WASHINGTON (Reuters) - U.S. Securities and Exchange Commissioner Rob Jackson told Reuters on Tuesday that he supports so-called direct listings as a way to help bring down the excessive fees companies pay to Wall Street banks in order to go public.
His comments come as staff at the SEC, the top U.S. securities regulator, weigh a proposal by the New York Stock Exchange for a rule change that would allow more companies to go public without using banks to underwrite the transaction.
Jackson, a Democratic commissioner who was a capital markets banker early in his career, said he could not comment on the NYSE’s specific proposal but that he generally welcomed innovations that could reduce the 7% fee companies raising less than $1 billion typically pay to Wall Street banks to go public.
That fee, which has remained unchanged for two decades according to research conducted by Jackson’s office, is a major obstacle for middle-market companies looking to list, he said.
“In the modern world we live in, where everything costs less, it is astonishing that we charge a 7% tax to give people access to the public capital markets of the United States,” Jackson said. He also rejected the claim frequently made by corporate lobbyists that red tape is the main reason the number of public companies has declined over the past 20 years.

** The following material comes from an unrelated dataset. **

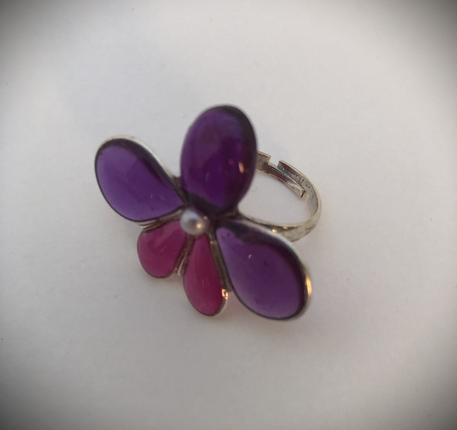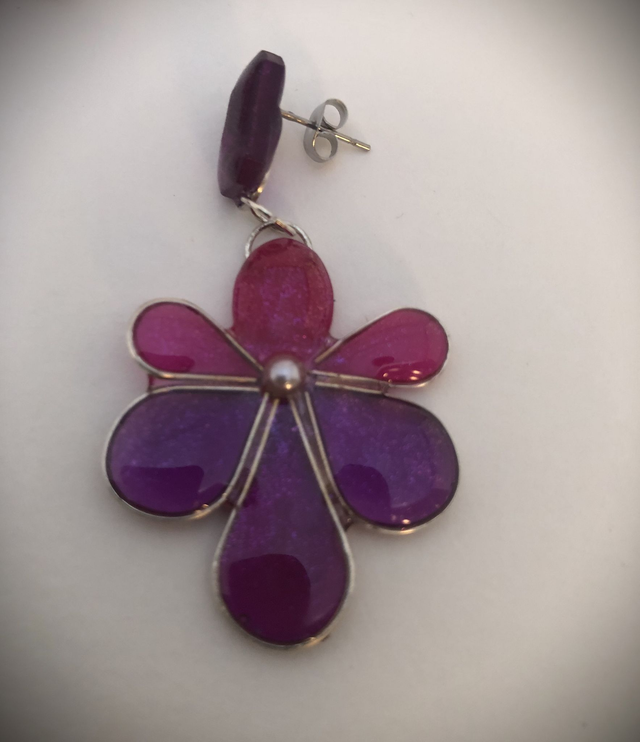 🧵 Matières : résine rose et violet, fils artistiques, demi-perle blanche

“The good news is I think people are starting to compete, and direct listings is the beginning of what I hope will be a lot of innovation in the space,” Jackson said.
In 2018, music streaming business Spotify Technology SA launched a direct listing, followed in 2019 by communication platform Slack Technologies Inc. Both had successful market debuts, but their share prices have since struggled.

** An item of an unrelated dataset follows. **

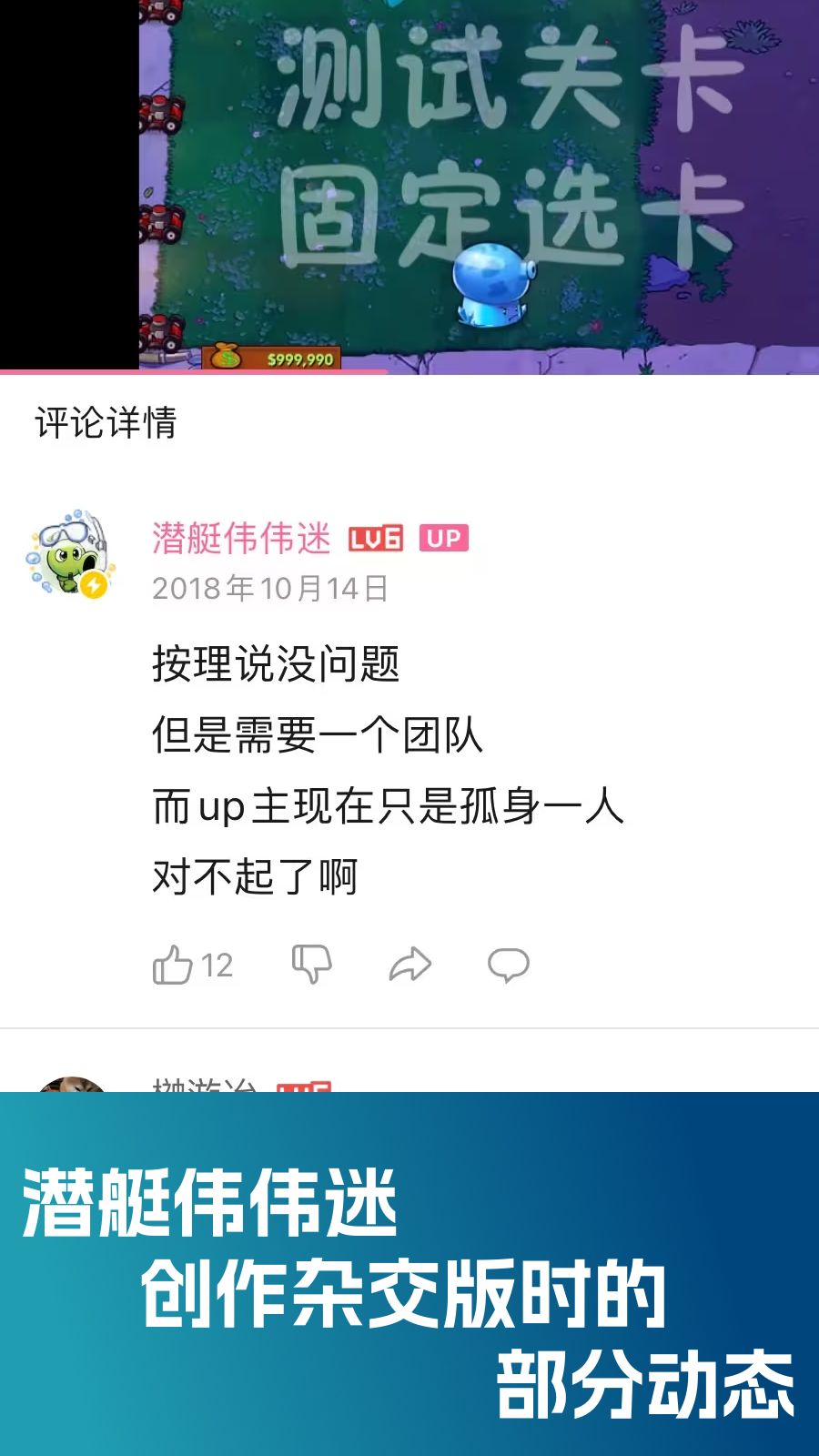 潜艇伟伟迷,从2018年开始更新自制植物视频,随着视频走红,关注潜艇伟伟迷的同好越来越多,终于还是有人发出了灵魂拷问——这么好玩的版本什么时候才能玩到?而受限于人力,潜艇伟伟迷一直是独自一人进行创作,制作自制版本的工程巨大,纵有满腔热血,却也只能默默回复一句对不起。但这句话,和他创作植物大战僵尸杂交版的梦想一起,深深烙印在他心里。

One advantage of the direct listings is that the companies paid less in fees to Wall Street banks than in a traditional IPO. Critics, though, worry that direct listings could weaken investor protections, since banks also act as gatekeepers helping to spot fraudulent would-be issuers.
Jackson, who has established himself as a vocal advocate for investor rights during his two years at the SEC, acknowledged that “trade off” and said he would want to see details on how any direct listing rule change would protect investors.
“What we’ll need is a solution that’s robust and protects investors,” he said.